Use X-Robots-Tag to prevent google or yahoo from indexing documents with file extensions like .txt, .doc, .pdf etc. Google and yahoo can index all documents uploaded on a website, whether it be .txt files or .doc files or .pdf files.
However you can use X-Robots-Tag to prevent SERPs like google and yahoo from indexing your website.Here is an example of using X-Robots-Tag in your .htaccess file, to tell Google or yahoo not to index the robots.txt file.
<FilesMatch "robots.txt"> Header set X-Robots-Tag "noindex, follow" </FilesMatch>
Here is another example of using X-Robots-Tag in your .htaccess file, to tell Google or Bing not to index files with .doc extensions.
<FilesMatch "\.doc$"> Header set X-Robots-Tag "index, noarchive, nosnippet" </Files>
This is how to tell Google to not include PDF files in the search engine Index
<FilesMatch "\.pdf$"> Header set X-Robots-Tag: noindex </FilesMatch>
To exclude Excel files from Google Search Engine Indiex add this piece of code to the Headers.
<FilesMatch "\.xls$"> Header set X-Robots-Tag: noindex </FilesMatch>
Similarly you can exclude any Word documents i.e. .doc or .docx files, PpwerPoint Presentations and any other file hosted on your server from getting indexed using their file extensions.

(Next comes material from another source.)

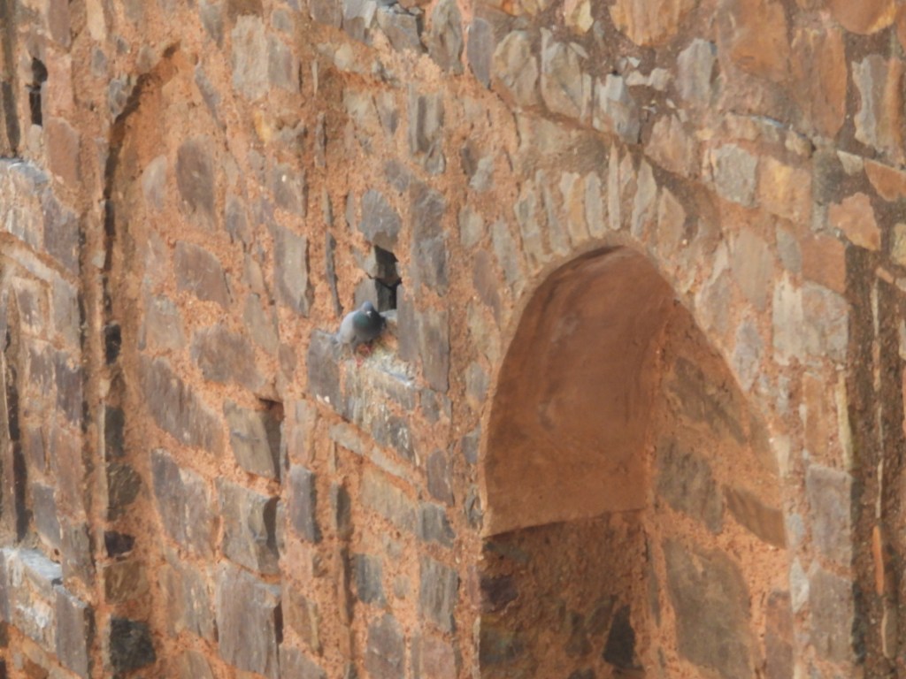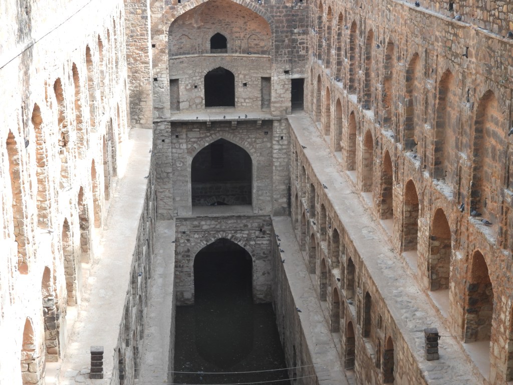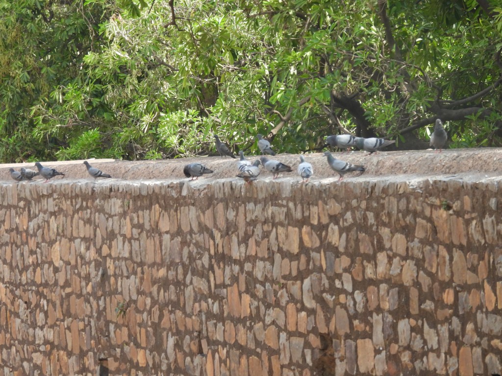 The first place we went was to see an ancient step well near the hotel called Agrasen Ki Baoli. It’s got 103 steps total that lead from the steps to the water it holds, and was built in two different phases. It was believed to be built by King Agrasen, then rebuilt around the 14th C. My guide said it was built in two different parts, about 8 centuries apart. Huge winged birds were flying overhead and landing on the step well walls, some pigeons as well, and it created quite an effect as I looked at this ancient step well, a repository for water in days gone by. The geometric shapes in Indian step wells always amaze me.

If you are on Apache Server, you can add these code to your .htaccess file in the root directory.
We can also try using the “noindex” directive in the robots.txt.However only google obeys this directive though they have not yet announced full support for it in future. Thus X-Robots-Tag seem to be the best option to prevent google or yahoo from indexing robots.txt or any other document.